In order to prevent animal suffering, it is always important to impart correct knowledge of animals. Responsible treatment of animals begins in childhood. Andrea Lipka from the Animal Protection Association in Austria reported on how children can learn to treat animals with care and respect. The animal protection association also conveys that animal protection knowledge can bring a lot of joy. Children are very receptive to this topic and understand immediately what it is about. It is also important to create a positive approach to this topic and show whatpositiveanimalvideoscanlooklike.
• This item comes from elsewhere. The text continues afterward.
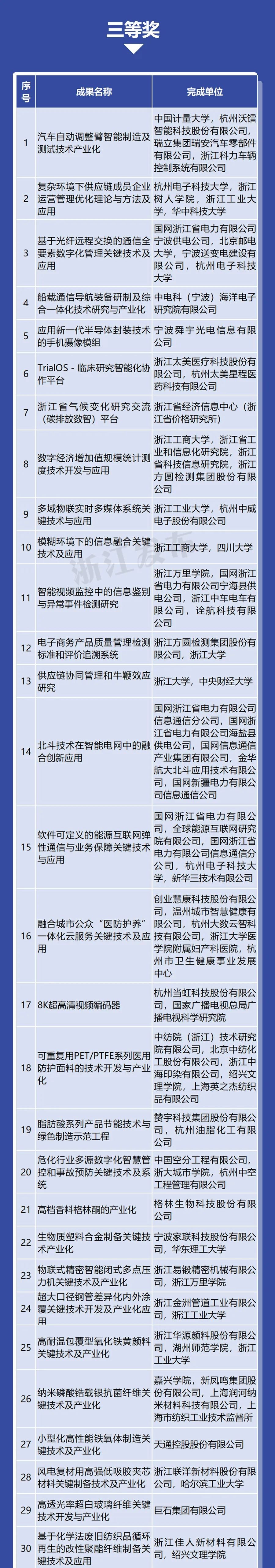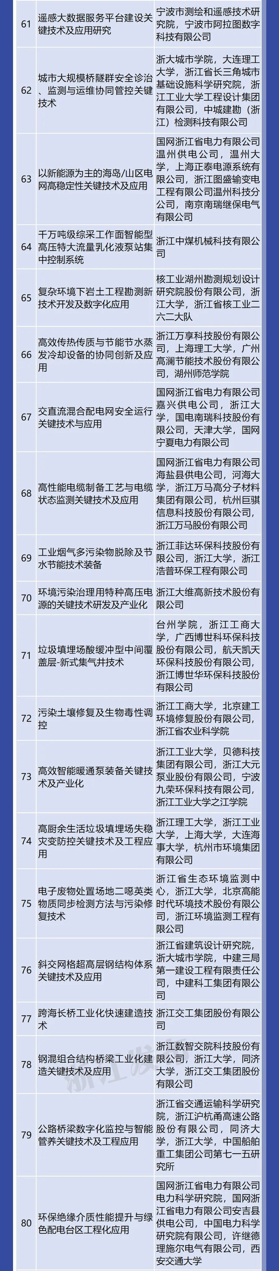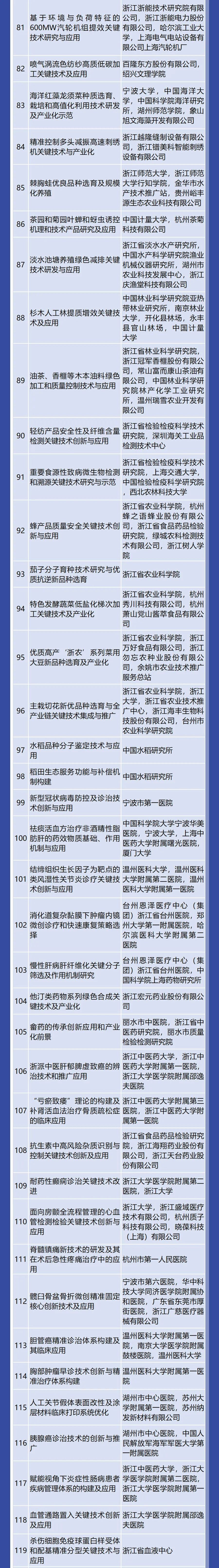 国家重大项目、重点科技计划担纲者等高层次人才领街完成的一等奖成果36项、占82%;所有完成人中,70、80后科技工作者占81%,青年科研人才成为浙江科研主力军。

The participants of the panel discussion also agreed not to support the depiction of torture breeding but rather to draw attention to it. A lot of money is still made by displaying problematic breeds on social networks. Ina Wingender launched the @ mopsaktivismus initiative on Instagram to raise awareness about the responsibility when acquiring such an animal and presenting it on social networks. Wingender unknowingly bought a pug himself years ago and has so far invested €23,000 in operation costs. Videos with torture or animal suffering should not only be condemned. It is important to take targeted action against publication and, if necessary, to take the necessary steps on your own initiative. Finally, Dr. Michaela Fels from the University of Veterinary Medicine Hanover explained the topic will remain relevant even after the project has been completed. The topic and the work has to be continued in order to reach and educate as many people as possible with your own social media presence.